Ryan Silvey (born April 17, 1976) is a former Republican member of the Missouri Senate and currently serves on the Missouri Public Service Commission. He represented the 17th district in the Missouri Senate, which includes part of Clay County, from 2013 until his resignation January 4, 2018.

Early life and career
Ryan Silvey was born in Kansas City, Missouri, where he attended Oak Park High School. He later attended Bob Jones University and majored in interpretive speech. He is a member of the Northland Regional Chamber of Commerce. He has a daughter.

Political career
Silvey was a legislative aide to US Senator Kit Bond. He represented the 38th district in the Missouri House of Representatives from 2005 to 2013. He was elected in a special election in 2005 and then reelected in 2006, 2008, and 2010. In 2011, he was made the chairman of the powerful budget committee.

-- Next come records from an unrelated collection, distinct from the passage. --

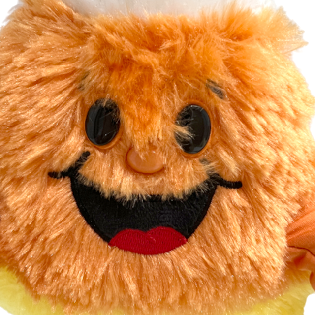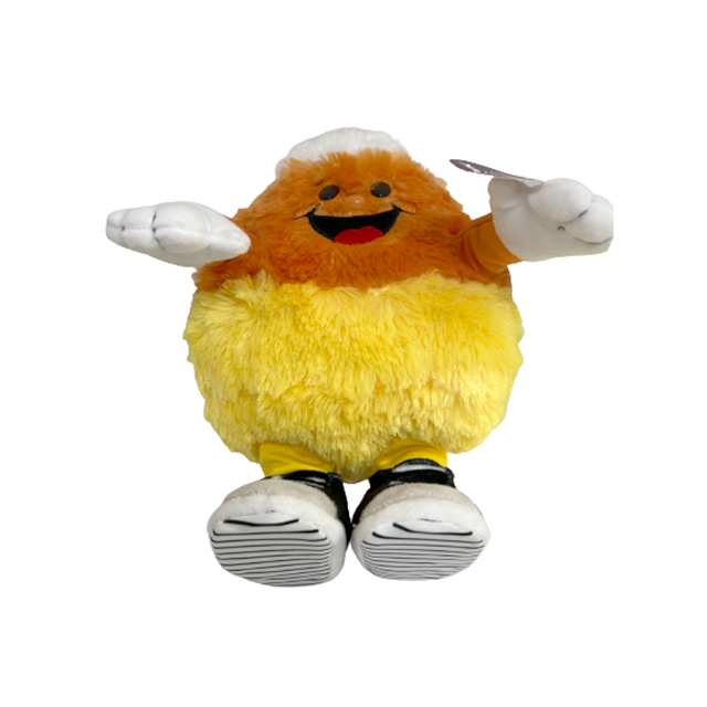 ハロウィン到来!80'S オールドスクール・ラッパー風のおむすび型モコモコ・モンスター究極のおすすめ。ハロウィン定番お菓子"キャンディ・コーン"がモンスター化した激キャワ・モンスターの紹介です。何と!左手のスイッチを押すとRUN DMC"It's Tricky"を歌いながらクネクネとダンスするパーティー・サウンド・ギミックを搭載、80年代アディダス風のイエロー・ラインが入ったオレンジ・ジャージにコンバース風のブラック・スニーカー、キャンディ・コーンのイエロー、オレンジ、ホワイトの3色カラーも相まって超ポップに仕上がってしまいました。クリスマス・オーナメント大手"Hallmark"社が手掛けているのも最高となります。これさえあれば渋谷に行く必要もなく部屋で最高のハロウィンが訪れます。タグも綺麗なまま、動作も問題無し、新品に近いデッドストック品となります。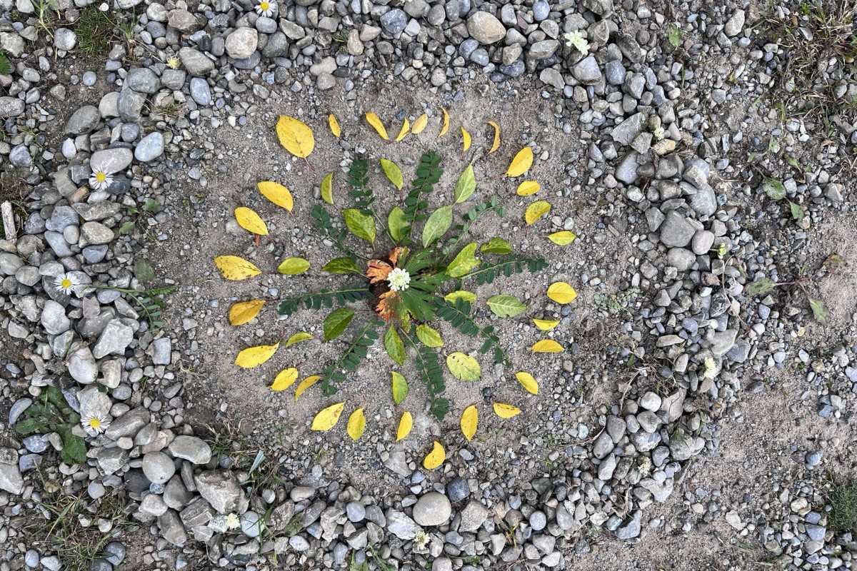 Zunächst sammelten die Schülerinnen und Schüler eine Farbpalette aus natürlichen Herbsttönen – Blätter, Steine, Rindenstücke und vieles mehr.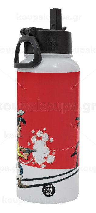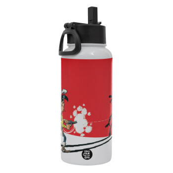 Lucky Luke shadows, Metal mug thermo White with Straw and Spout Lid (Stainless steel), double wall, 950ml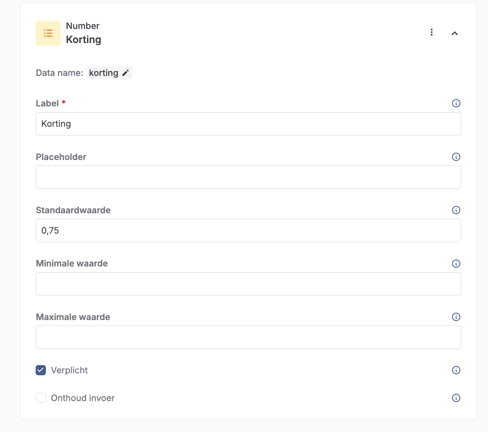 Voeg een tweede Number veld toe en geef deze de naam 'Korting' bij de Label. Voeg de hoeveelheid korting toe bij Standaardwaarde.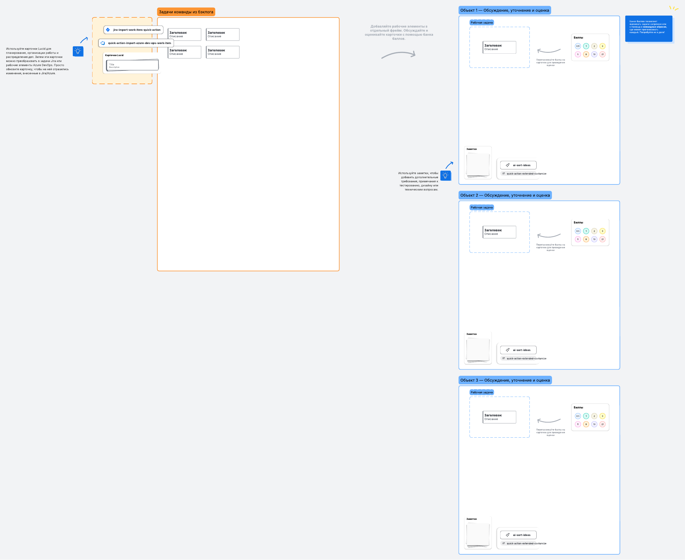 Оценка спринта — это время, когда команды оценивают объем или сложность набора задач. В этом шаблоне используется общая для многих agile-команд последовательность Фибоначчи с целью оценки задач в рамках процесса Scrum.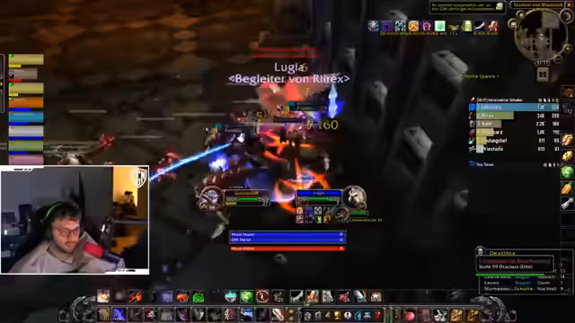 00:05:00Während des aktiven Dungeon-Runs in UBRS/LBRS gibt es intensive Diskussionen über Loot-Verteilung und taktische Strategien. Der Streamer koordiniert die Gruppe, gibt Anweisungen für Bosse wie den Feuerlord Urzai und interagiert mit anderen Spielern wie Rhyrex und Dalu. Es werden humorvolle Gespräche über persönliche Angriffe oder Discord-Übertragungen geführt, die nicht erlaubt sind. Dies unterstreicht die Kameradschaft und den gemeinsamen Spaß im Spiel.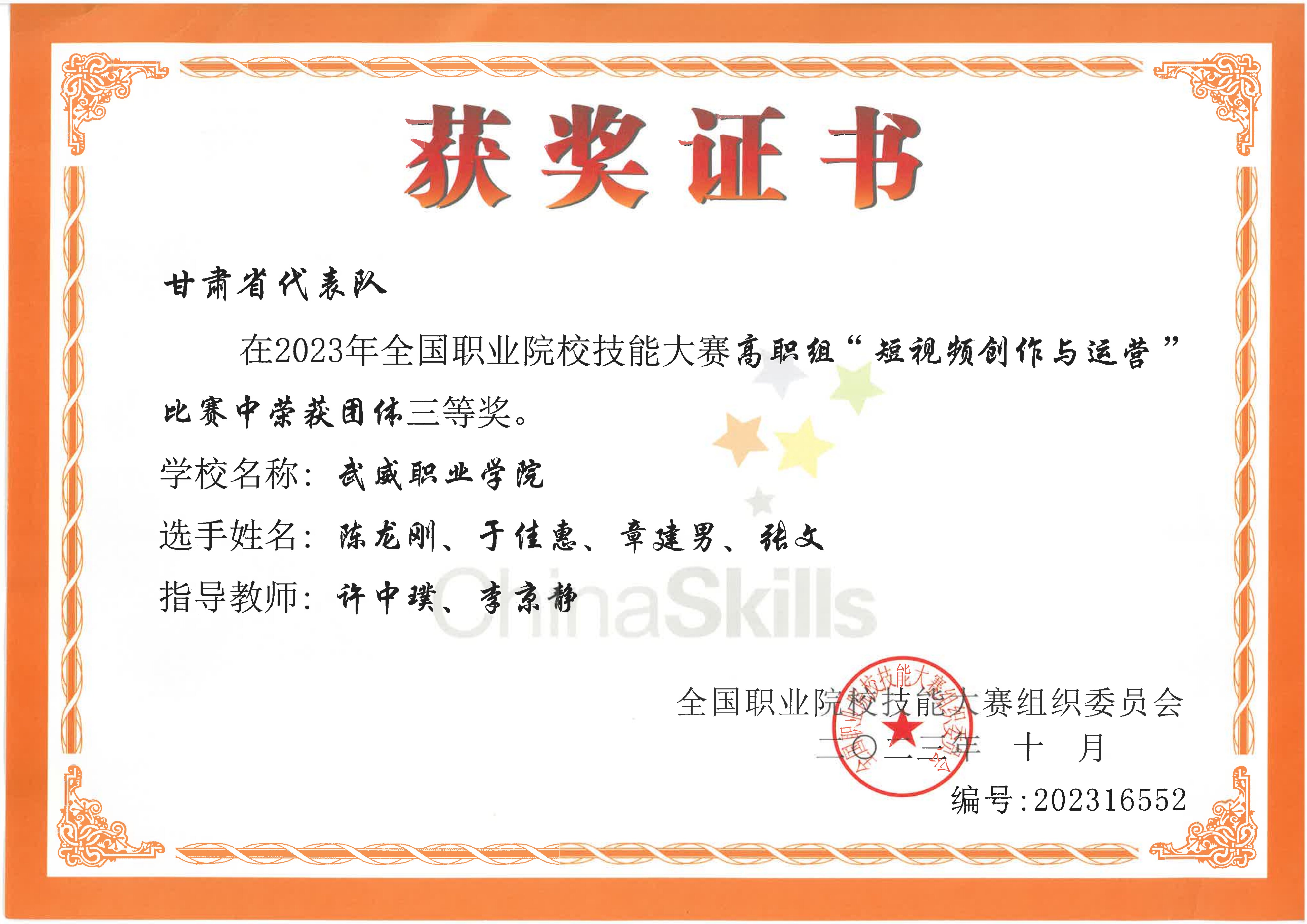 學(xué)生獲2023年全國職業(yè)院校技能大賽高職組短視頻創(chuàng)作與運(yùn)營三等獎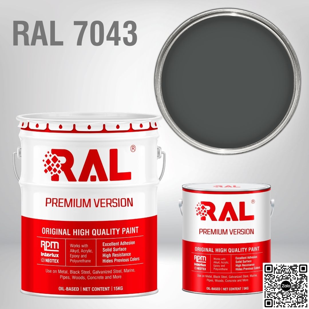 RAL 7043 (Traffic Grey B) là màu xám đậm thuần thuộc hệ RAL Classic, được thiết kế phục vụ các ứng dụng công nghiệp yêu cầu độ bền cao, tính ổn định màu và khả năng che phủ tốt trên diện tích lớn.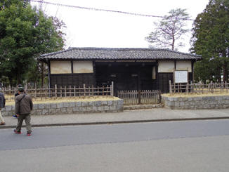 「黒門」門扉の両側に小部屋が付属する長屋門で、明治維新後に埼玉県庁の正門となり、後に知事公舎の正門となり、昭和45年現在の岩槻城址公園内に移築されました。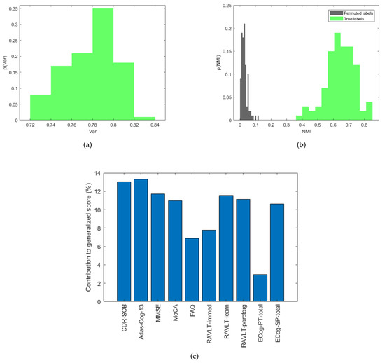 (a) Empirical probability distribution of the variance explained by the first component of the ten indices. (b) Empirical probability distributions of NMI values for the actual labels and permuted labels. (c) Contribution of each clinical index to the explained variance of the generalized score averaged across the validation rounds.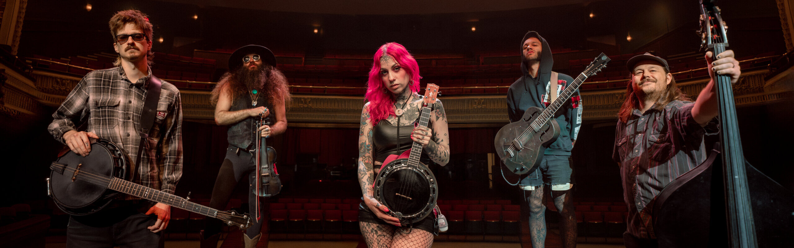 From the misty, pine-covered hills of the Pacific Northwest hail the Bridge City Sinners, who span the continuum from prohibition era jazz to Appalachian death folk. This traditional string band line up bends the meaning of the word genre, Playing festivals from Punk Rock Bowling, to Muddy Roots, to Oregon’s Bluegrass String Summit. They started their journey by busking on sidewalks across the country and now this supergroup of musicians find themselves on the national tour circuit. The Sinners still hold true to the DIY mentality of putting albums out on a self made record label, Flail Records. They recently hit #70 on the Billboard charts, top current album sales, for the week of September 4th 2021 for their album “Unholy Hymns”. With talented musicianship and a punk as f***! live show, this is one band you don’t want to miss.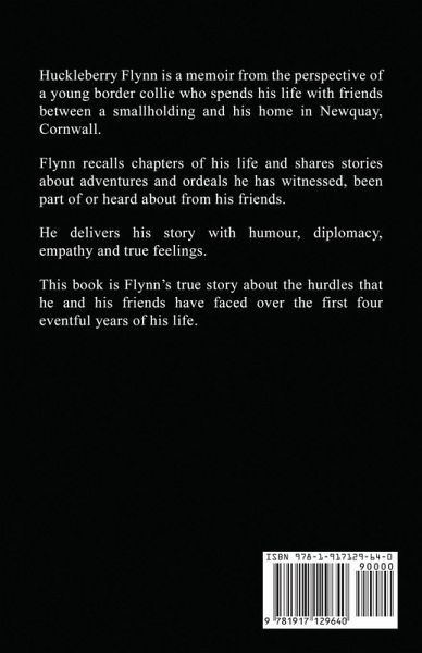 Huckleberry Flynn is a memoir from the perspective of a young border collie who spends his life with friends between a smallholding and his home in Newquay, Cornwall. Flynn recalls chapters of his life and shares stories about adventures and ordeals he has witnessed, been part of or heard about from his friends. He delivers his story with humour, diplomacy, empathy and true feelings. This book is Flynn's true story about the hurdles that he and his friends have faced over the first four eventful years of his life.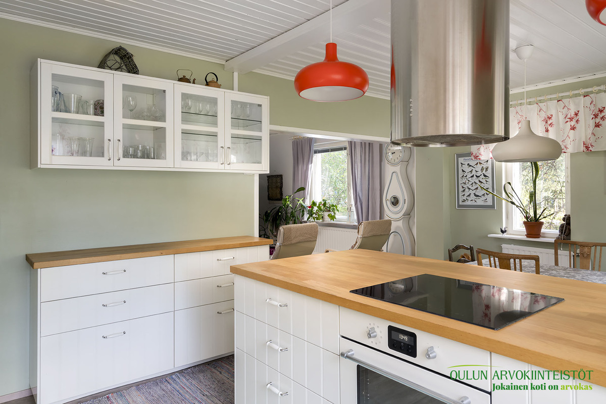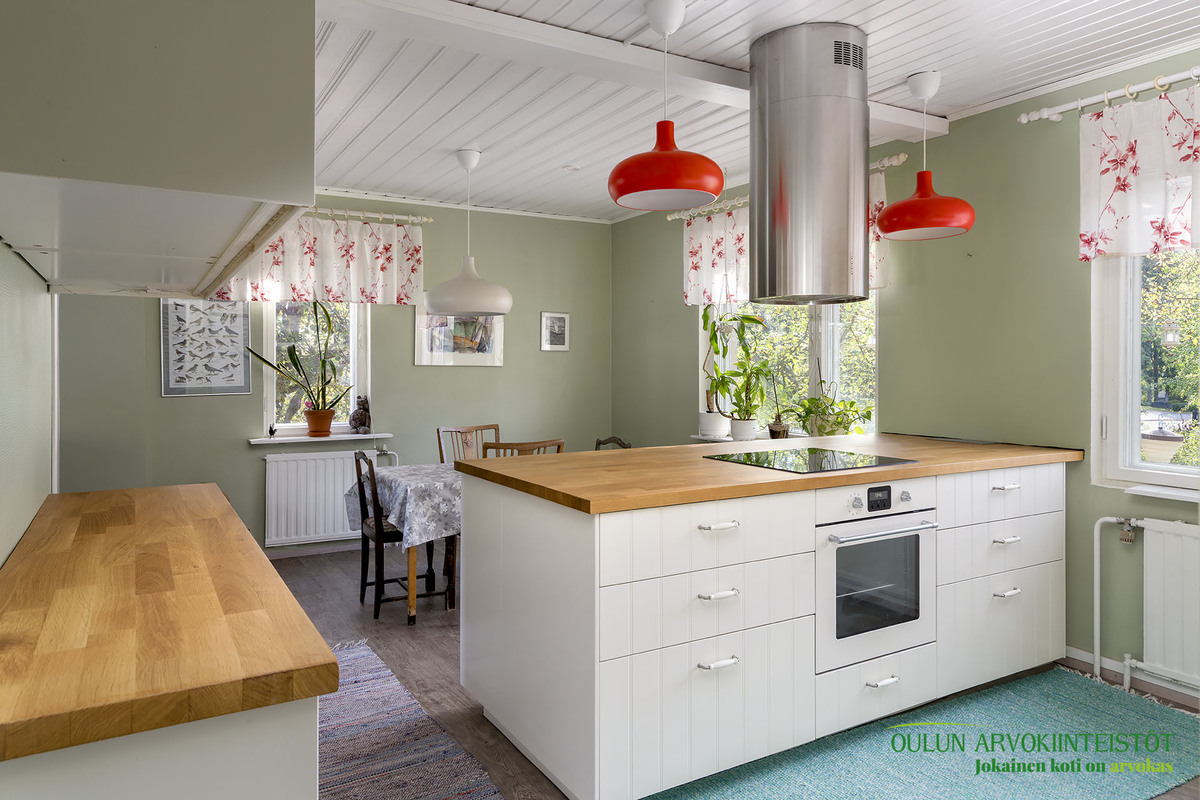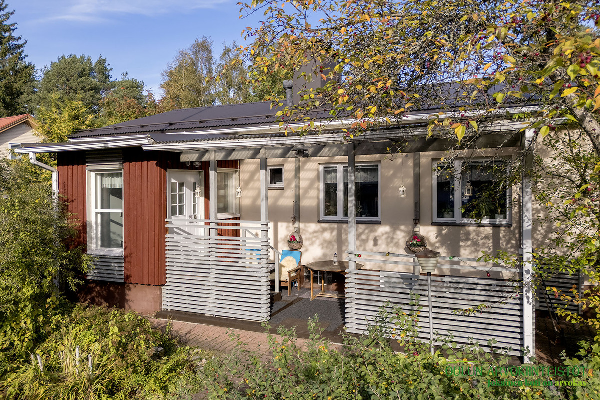 Tämä vuonna 1962 valmistunut täyskivitalo on rakennettu jykevälle perustalle ja on kokenut vuosien varrella kattavia päivityksiä. Asuintilaa on reilut 122,50 neliötä ja lisäksi 222 neliötä muita tiloja, joihin kuuluu mm. kellaritiloja ja varastotilaa. Talosta löytyy kolme tilavaa makuuhuonetta, joissa on laadukas pyökkilautaparketti. Keittiössä on moderni varustelu, tammiviiluiset työtasot ja tyylikäs ilme.
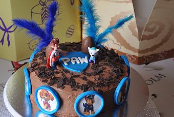 La de arriba de la patrulla canina con frosting de queso mascarpone y chocolate.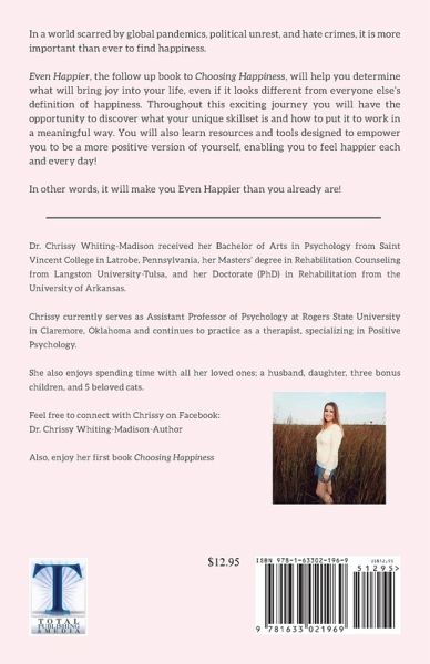 In a world scarred by global pandemics, political unrest, and hate crimes, it is more important than ever to find happiness. Even Happier, the follow up book to Choosing Happiness, will help you determine what will bring joy into your life, even if it looks different from everyone else's definition of happiness. Throughout this exciting journey you will have the opportunity to discover what your unique skillset is and how to put it to work in a meaningful way. You will also learn resources and tools designed to empower you to be a more positive version of yourself, enabling you to feel happier each and every day! In other words, it will make you Even Happier than you already are!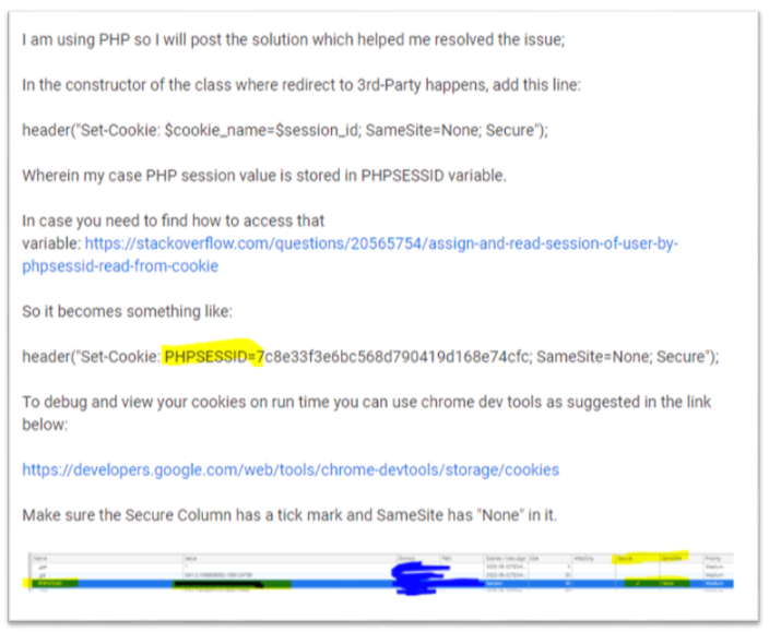 3) 위 글 중, php 관련 내용이었지만, 세션 값을 SameSite=none으로 설정해주고 있는 것을 볼 수 있었습니다. 그래서, 저희 JSESSION을 sameSite=none으로 바꿔보았더니 문제없이 결제가 이루어졌습니다.

In 2011, Silvey decided to run for the 17th district in the Missouri Senate. It was an open seat because LuAnn Ridgeway was unable to run for re-election due to term limits. Silvey received endorsements from LuAnn Ridgeway, Rob Schaaf, five other current and former Republican representatives, and two Clay County officials. He won the election with 52.8% over Democrat Sandra Reeves.

Silvey resigned from the Missouri Senate on January 4, 2018, and was unanimously confirmed by the Missouri Senate to a position on the Missouri Public Service Commission.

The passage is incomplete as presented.